Analysis of bisulfite sequencing data in human
BS-seq data for human and mouse used in this study were obtained from the NCBI Sequence Read Archive (https://www.ncbi.nlm.nih.gov/sra) and listed in Supplementary Table S4. WGBS data were analysed using the procedure, as described above, aligning to the Homo sapiens mitochondrial genome sequence (Accession No. NC_0012920.1) as a reference.

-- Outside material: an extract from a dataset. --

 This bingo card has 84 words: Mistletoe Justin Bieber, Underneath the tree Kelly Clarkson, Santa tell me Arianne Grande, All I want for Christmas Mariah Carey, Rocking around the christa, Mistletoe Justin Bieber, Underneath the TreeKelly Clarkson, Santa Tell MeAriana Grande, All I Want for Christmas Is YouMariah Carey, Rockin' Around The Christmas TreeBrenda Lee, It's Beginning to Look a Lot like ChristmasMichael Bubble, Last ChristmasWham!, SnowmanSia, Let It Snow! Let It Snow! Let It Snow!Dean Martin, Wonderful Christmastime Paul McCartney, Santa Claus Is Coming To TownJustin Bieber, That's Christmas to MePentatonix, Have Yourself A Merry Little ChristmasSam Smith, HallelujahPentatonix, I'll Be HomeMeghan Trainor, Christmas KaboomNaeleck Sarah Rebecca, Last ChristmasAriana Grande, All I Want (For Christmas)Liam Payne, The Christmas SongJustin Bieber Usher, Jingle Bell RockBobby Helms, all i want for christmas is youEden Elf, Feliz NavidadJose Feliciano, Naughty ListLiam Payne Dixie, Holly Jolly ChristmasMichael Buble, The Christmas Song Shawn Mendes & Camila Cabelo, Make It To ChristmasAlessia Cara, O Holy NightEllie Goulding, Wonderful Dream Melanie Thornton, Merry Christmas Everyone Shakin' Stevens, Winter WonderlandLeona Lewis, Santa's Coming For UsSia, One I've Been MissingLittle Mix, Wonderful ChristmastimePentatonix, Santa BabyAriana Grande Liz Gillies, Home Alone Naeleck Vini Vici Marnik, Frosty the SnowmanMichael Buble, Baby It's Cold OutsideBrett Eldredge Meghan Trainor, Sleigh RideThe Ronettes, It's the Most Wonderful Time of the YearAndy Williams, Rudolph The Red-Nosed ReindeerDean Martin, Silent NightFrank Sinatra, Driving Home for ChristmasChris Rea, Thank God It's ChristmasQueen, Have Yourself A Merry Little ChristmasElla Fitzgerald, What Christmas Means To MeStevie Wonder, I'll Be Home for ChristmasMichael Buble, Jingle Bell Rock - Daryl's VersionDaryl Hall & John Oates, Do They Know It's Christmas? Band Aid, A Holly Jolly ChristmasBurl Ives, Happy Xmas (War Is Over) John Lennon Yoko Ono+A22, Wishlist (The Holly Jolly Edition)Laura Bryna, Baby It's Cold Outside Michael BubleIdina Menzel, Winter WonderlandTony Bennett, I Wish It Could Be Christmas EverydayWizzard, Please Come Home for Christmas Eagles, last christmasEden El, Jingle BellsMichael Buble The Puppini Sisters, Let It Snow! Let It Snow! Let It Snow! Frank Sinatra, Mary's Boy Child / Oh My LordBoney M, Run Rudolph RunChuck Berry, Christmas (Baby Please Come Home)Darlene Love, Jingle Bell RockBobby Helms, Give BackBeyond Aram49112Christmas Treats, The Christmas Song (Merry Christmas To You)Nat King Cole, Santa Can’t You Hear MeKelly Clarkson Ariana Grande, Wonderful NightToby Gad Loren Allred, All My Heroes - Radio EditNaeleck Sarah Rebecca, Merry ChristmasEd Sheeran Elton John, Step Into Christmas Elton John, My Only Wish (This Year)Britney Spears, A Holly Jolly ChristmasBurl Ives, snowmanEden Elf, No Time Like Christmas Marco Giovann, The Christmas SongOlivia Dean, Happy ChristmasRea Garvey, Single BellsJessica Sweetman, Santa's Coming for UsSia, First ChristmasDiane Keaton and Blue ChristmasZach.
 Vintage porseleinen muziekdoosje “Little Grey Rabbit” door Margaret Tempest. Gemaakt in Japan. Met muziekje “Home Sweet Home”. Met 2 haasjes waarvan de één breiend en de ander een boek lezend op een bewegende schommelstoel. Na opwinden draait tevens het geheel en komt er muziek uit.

Bisulfite amplicon sequencing
Induced methylated and non-methylated Sus scrofa mtDNA and purified mtDNA from ovary, as described above, were bisulfite treated using the EZ DNA Methylation-Gold Kit (Zymo Research, CA, USA). Bisulfite sequence primers were designed for four fpCHH regions (R1 to R4, Figure 4) by MethPrimer (39) and are listed in Supplementary Table S1. Target fpCHH regions were amplified in an MJ Research PTC-200 Thermal Cycler (Marshall Scientific, NH, USA) using Platinum™ Taq DNA Polymerase High Fidelity (Cat. No. 11304011, Thermo Fisher Scientific, MA, USA) by denaturing at 95°C for 3 min followed by 40–45 cycles of 95°C for 15 s, 55–59°C for 20 s, 65°C for 30 s. Triplicate technical replicates for MET and noMET mtDNAs and triplicate biological replicates for ovary mtDNA were used for bisulfite treatment and PCR amplification. To distinguish each replicate PCR amplicon, unique 3-bp nucleotides were added to the 5' end of the forward primers (Supplementary Table S1). Amplified PCR products for R1 to R4 from each sample were pooled and purified using the ISOLATE II PCR and Gel Kit (Meridian Bioscience, TN, USA). NGS libraries were made from purified and pooled amplicons using the TruSeq Nano DNA Library Prep Kit (Illumina Inc, CA, USA) and sequenced with Illumina MiSeq Nano 150 bp paired end sequencing chemistry. NGS library construction and NGS Illumina MiSeq sequencing were conducted by the Australian Genome Research Facility (VIC, Australia). Amplicon sequence data were analysed by Bismark to call methylation, as mentioned above and graphs were prepared using RStudio (http://www.rstudio.com/).
Figure 4.
Guanine nucleotide content in Sus scrofa mtDNA and detection of false positive CHH (fpCHH) methylation by bisulfite sequencing of non-methylated (noMET) mtDNA. The average guanine nucleotide content per 30 bp region is shown on the y-axis relative to the Sus scrofa mtDNA sequence (Accession no. NC_000845.1) on the x-axis. Annotations of mtDNA encoded genes are presented at the bottom. Identified fpCHH methylation by Bismark analysis is shown above as a bar graph with methylation ranging from 0 to 100%. Regions of fpCHH methylation are highlighted in pink to visualize the corresponding position in the guanine (G) content graph below. Four regions (R1 to R4) investigated by bisulfite amplicon sequencing are indicated by red arrowheads.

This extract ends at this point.